**INSTRUCTIONS FOR THE TASK**
Retype word for word the first line of the listing and each line after it up to the line with "Fig. 9. Plangebied", with the pictures taken out.

━━ SUPPLIED INFORMATION

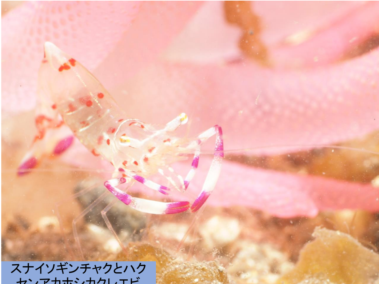
スナイソギンチャクとハクセンアカホシカクレエビ
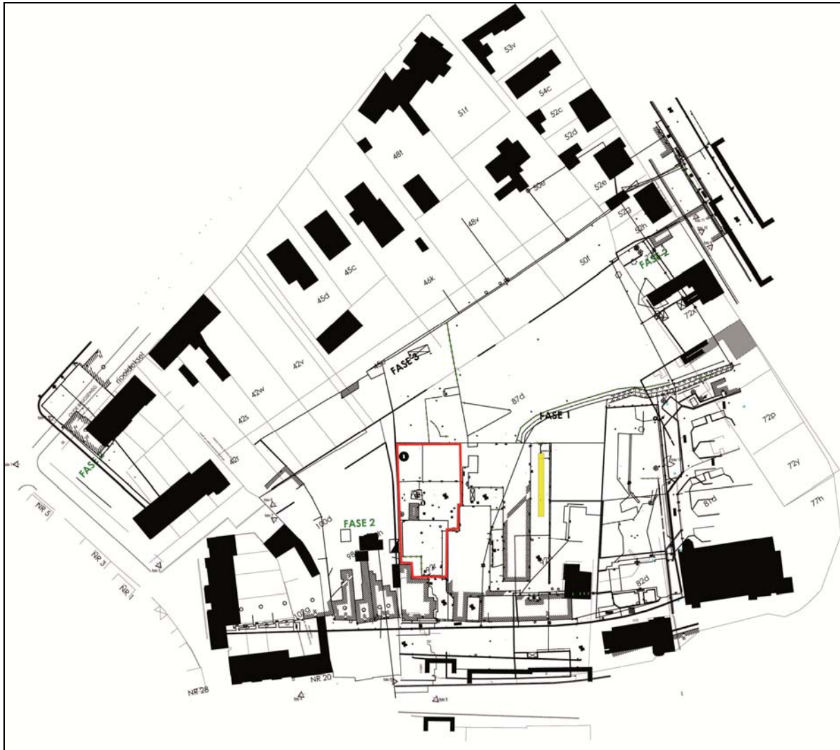
Fig. 9. Plangebied met in het geel de proefsleuf aangelegd langs de oostelijke rand van de site 'Slachthuis Declerck' en in het rood het minst verstoorde gedeelte van de site 'Slachthuis Declerck'.

Om toch enig inzicht te krijgen in de archeologische potentie van het terrein, werd langs de oostelijke rand van de site, een zone die slechts was afgedekt door een laag asfalt, een proefsleuf van ca. 2 op 22 m getrokken (fig. 9 en 10). Het moederzand werd bereikt op een diepte van ca. 60 cm. De originele podzol was door bioturbatie in de teellaag opgenomen. Op het grondvlak waren roestvlekken (oer), witgrijze vlekken (uitloging) en onderdelen van windvallen te zien. Archeologische sporen werden niet waargenomen.

━━━━

**COMPLETED TASK**
スナイソギンチャクとハクセンアカホシカクレエビ
Fig. 9. Plangebied met in het geel de proefsleuf aangelegd langs de oostelijke rand van de site 'Slachthuis Declerck' en in het rood het minst verstoorde gedeelte van de site 'Slachthuis Declerck'.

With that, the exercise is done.